Q&A: Witnesses for the Validity of the Matter
Witnesses for the Validity of the Matter
Question
Hello Rabbi,
In the first lesson in the series Jewish Law and משפט you mentioned the claim of the Pnei Yehoshua that witnesses to kiddushin have a constitutive role and do not merely testify about the act by which the woman is acquired. That is, a woman whom I betrothed in front of one witness is not a married woman, even though one witness is believed in matters of prohibition. I wanted to ask about that: if so, why is an item that I picked up in front of one witness considered mine? After all, in both cases there are social consequences and it affects others, and in both cases I am, as it were, acquiring the thing (the woman or the found item) from the public as a whole.
Answer
In matters of personal status, because of the great significance involved, validation is required for every legal act. In ordinary property law, there is already a general validation: whoever picks up an object in the proper way acquires it. From that point on, only evidentiary testimony is needed that this indeed happened, and not witnesses for the validity of the matter.

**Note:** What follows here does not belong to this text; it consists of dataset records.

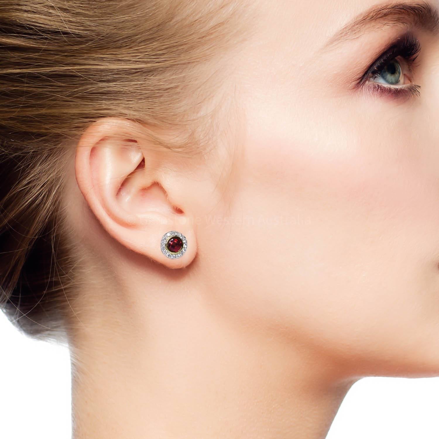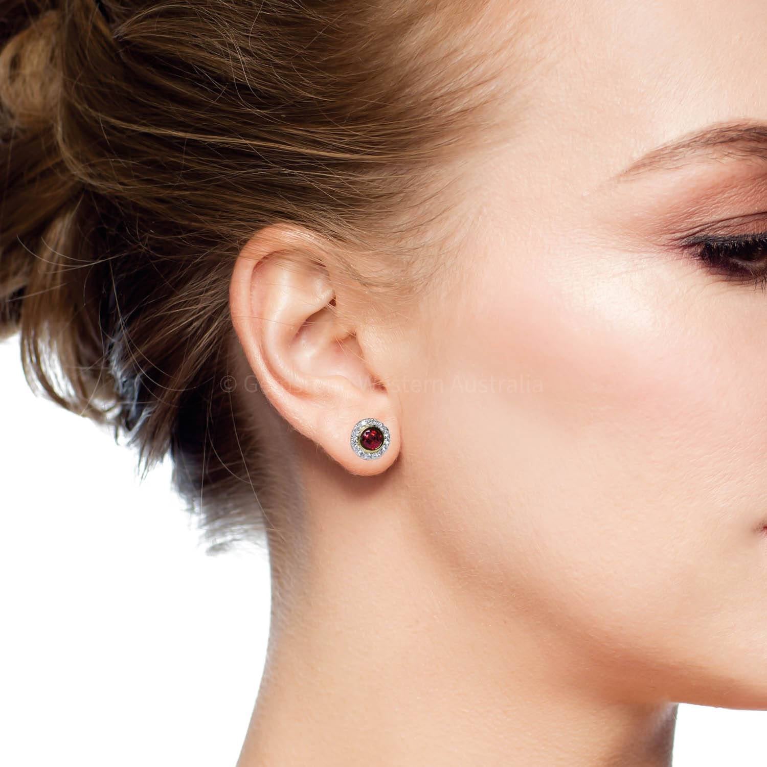 Natural Unheated Ruby Earrings with Diamond Halo Stud Earrings 18K Gold
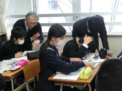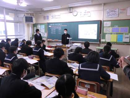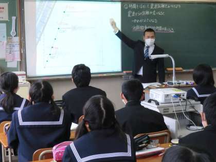 木曽川中学校で、初任者の研究授業がありました。1年生理科は、地震の揺れの大きさや震源地の距離の関係をとらえさせる授業でした。1年社会科は、首都・東京との地方との結びつきを、東京の昼と夜の人口の差からまとめました。どちらの授業もICT機器で、図を拡大して提示したり、子どもが作成したプリントを拡大して提示したりして、効果的に利用されていました。
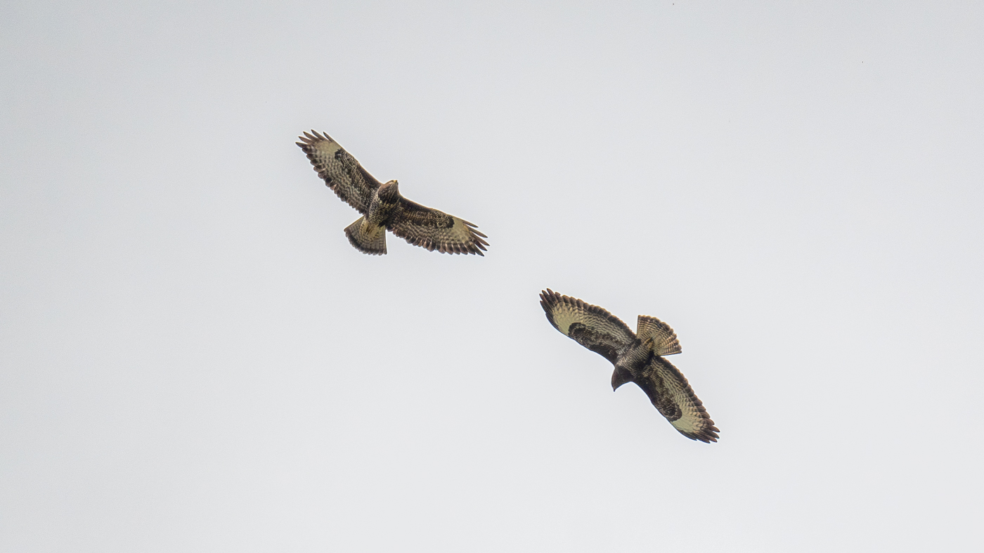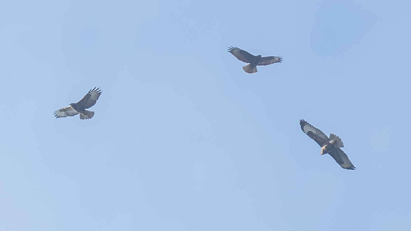 De hele dag zwaar bewolkt met enkele kleine opklaringen. De wind kwam uit zuidoostelijke richting en was matig met een kracht 2 aantrekkend tot 3. De temperatuur liep op van 7 tot 13 graden gedurende de telling. Vandaag meer trek en Jan had ook meer hulp. De matige zuidoostelijke wind heeft een gunstige invloed op de trekvogels. De eerste Kraanvogels van dit jaar werden gezien net na de middag. Een groepje van 20 vogels en later nog een solitaire. Een Rode Wouw vloog om kwart over twee over de telpost. De Buizerds vlogen redelijk met 147 exemplaren maar stiekem hadden we er toch meer verwacht. Naast 5 Sperwers en 1 Slechtvalk vlogen er verder geen rovers. Wederom een Beflijster vandaag, de vogel vloog om 12:49 uur over de telpost. De Veldleeuweriken beginnen nu echt door te komen en vandaag werden er 880 geteld. Er werd geteld tot 16:00 uur.
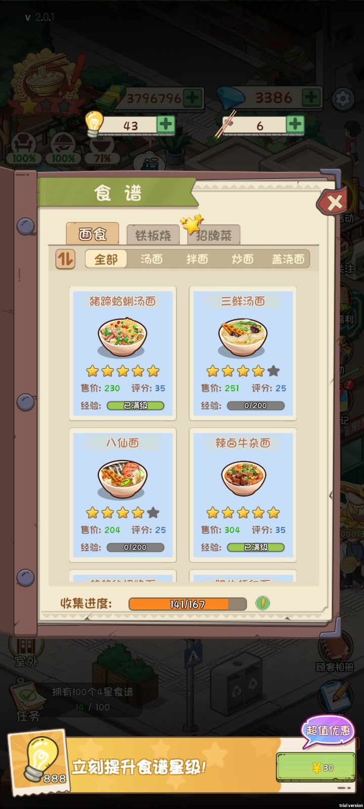职员都开到全才二了,食谱完成度才71%,我还要刷出多少筷子才能过啊

By the way, Rabbi Shimon Shkop discusses the question of why witnesses for the validity of the matter are not required in monetary law, since matters of forbidden sexual relationships are also derived by the verbal analogy of “matter-matter” from monetary law.
Discussion on Answer
I said that, indeed, from logic alone there would be room to compare them. But we have a received tradition from the Talmud that in matters of forbidden sexual relationships, witnesses for the validity of the matter are required. What I did was only to suggest an explanation for that fact.
Why not say that in personal-status matters too, whoever betroths a woman through one of the recognized modes of acquisition of a woman has acquired her, and the witnesses are required only to testify that the acquisition took place? In other words, if there are no witnesses testifying that it happened, then the woman should retain her original presumption of status, namely that she is unmarried. So what is the reason to distinguish between witnesses for kiddushin and testimony on a monetary document?